**Data provided**:

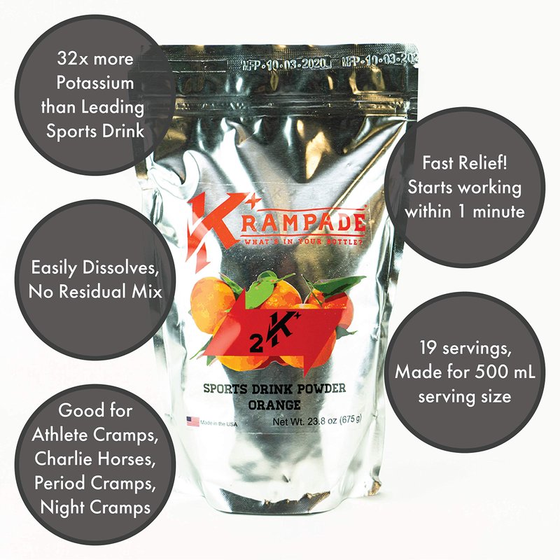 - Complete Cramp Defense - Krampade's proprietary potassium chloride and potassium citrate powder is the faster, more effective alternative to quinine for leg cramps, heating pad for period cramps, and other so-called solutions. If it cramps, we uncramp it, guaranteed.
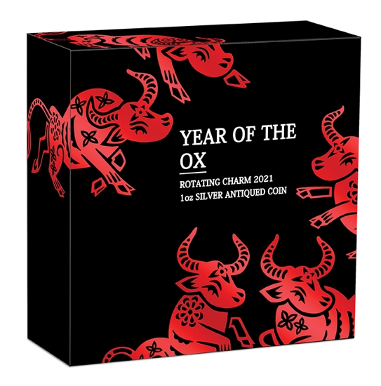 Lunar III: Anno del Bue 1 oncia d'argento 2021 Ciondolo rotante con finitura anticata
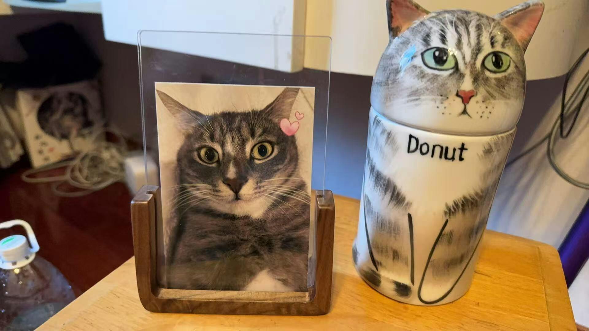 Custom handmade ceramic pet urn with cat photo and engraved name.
--
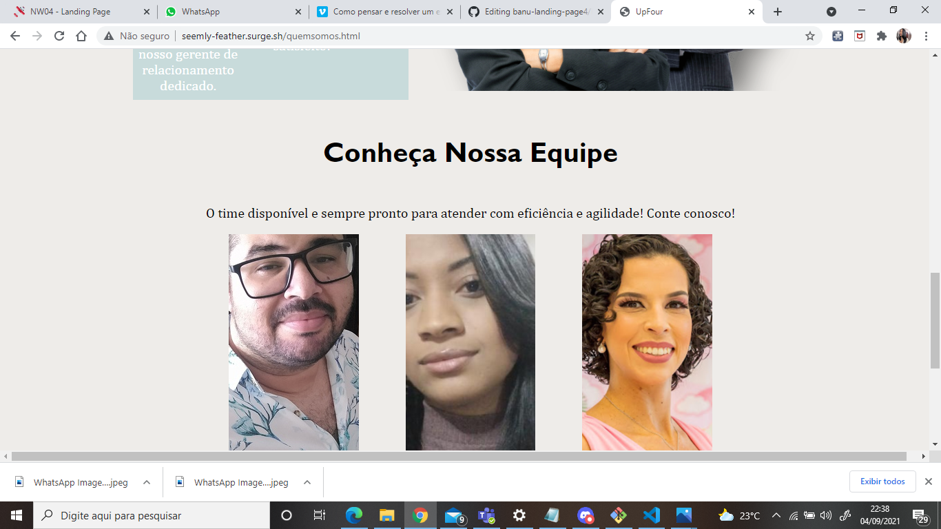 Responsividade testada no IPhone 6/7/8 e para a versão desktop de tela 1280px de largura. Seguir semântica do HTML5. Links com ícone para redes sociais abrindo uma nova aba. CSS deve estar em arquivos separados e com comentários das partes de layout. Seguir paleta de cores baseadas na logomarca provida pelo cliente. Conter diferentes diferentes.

**Problem description**: Among the records above, locate the line containing "- Complete Cramp" and the line containing "Custom handmade ceramic", then transcribe exactly the lines starting at the first and ending at the second, with no pictures.

**Answer box**:
 - Complete Cramp Defense - Krampade's proprietary potassium chloride and potassium citrate powder is the faster, more effective alternative to quinine for leg cramps, heating pad for period cramps, and other so-called solutions. If it cramps, we uncramp it, guaranteed.
 Lunar III: Anno del Bue 1 oncia d'argento 2021 Ciondolo rotante con finitura anticata
 Custom handmade ceramic pet urn with cat photo and engraved name.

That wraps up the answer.